I looked and discovered that ice was forming on the inside corners of all 23 windows surrounding the swimming pool! I dismissed my class and dressed quickly. I was riding with Chub, and we drove a different way home to avoid the disabled school bus.

The snow was still coming down, and wind was building higher drifts.

Willis Smith drove his tractor part way through the worst drift to meet our children, who were walking to meet him.

Walt, 9 years old, was so short he’d get one leg out and actually be sitting on snow to get the other leg out with each step. Willis loaded our kids on his tractor and backed it out in its own tracks.

Chub and I were at the corner of the road, where the wind was terrific but not building drifts on our east/west road. Our driveway was impassable, so Chub cut the fence at a place where we could drive through the wooded area to the pasture where snow from Kansas was on its way to Illinois without stopping!

We were just one family among many that March night. The Raymond Smiths had seven guests for supper, plus overnight and breakfast. Mae Brown brought in her groceries from the stopped car and shared various items - to feed the 11 people at the Smiths’ impromptu bunking party. The next day the Boone County road grading crew and equipment freed the school bus and made a narrow slot in that drift - wide enough for one car at a time. The wind subsided, and the sun came out, but there were cold winter days ahead.

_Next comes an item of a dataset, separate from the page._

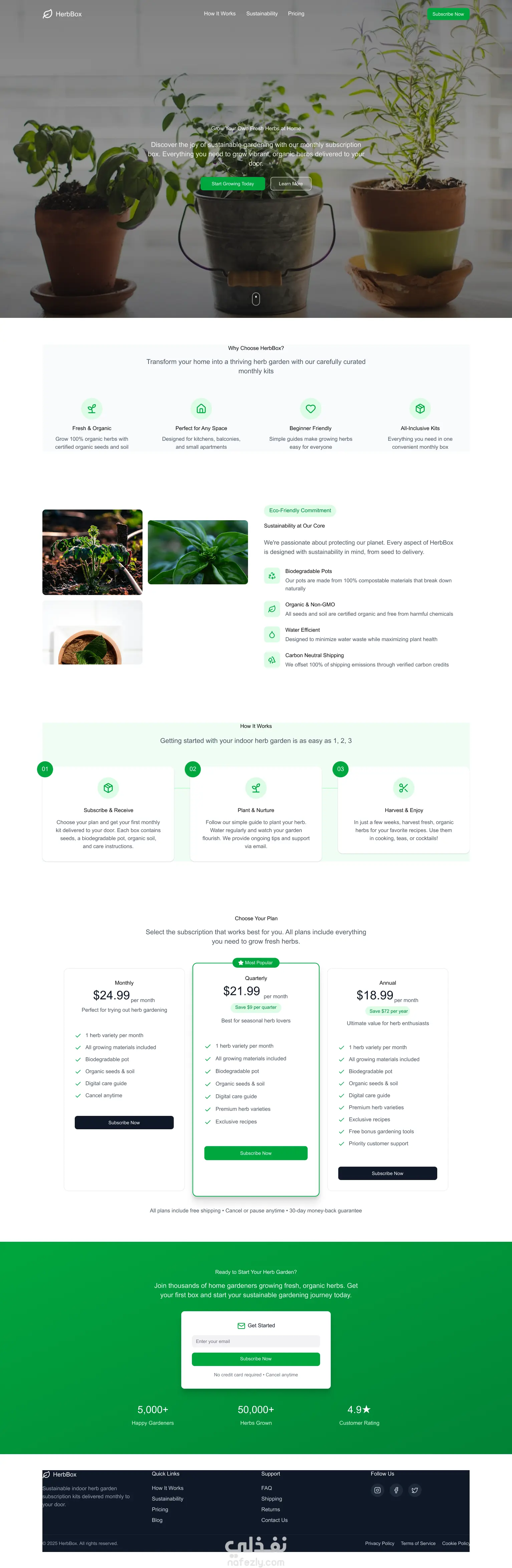 مشروع تجارة إلكترونية بيقدّم اشتراك شهري بيوصل للعميل مجموعة كاملة لزراعة نوع محدد من الأعشاب كل شهر (بذور، أصيص قابل للتحلل، تربة عضوية، ودليل بسيط). الهدف من الصفحة هو تشجيع الزائرين على الاشتراك الشهري.
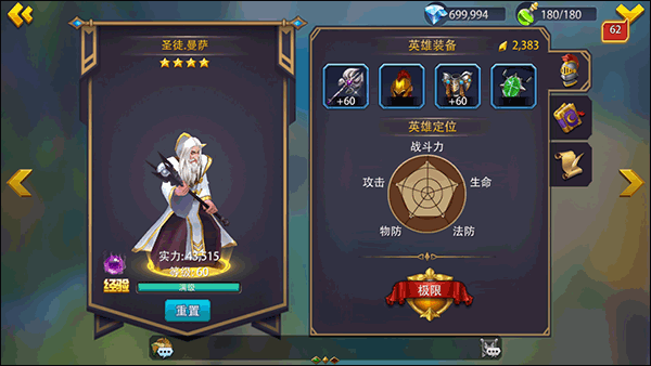 英雄、装备、技能、关卡、擂台战斗酣畅淋漓。

Willis Smith loaned us corn stalks to feed our cattle for days! Creeks were frozen solid, and ice was very thick on ponds. The cows crowded around the person wielding the big double-bladed ax to cut though 4 inches of ice to water. I did this alone one morning, and the toughest part was to get the cut chunk of ice out of the hole because of cows crowding in as soon as they smelled water. March 1960 set records. We four Gerards rode in the front of the pickup, and two neighbors rode in the back with their shovels ready to scoop. Then there was mud! My station wagon sat unused for five weeks. On spring days this year, I’m recalling, "Don’t trust March."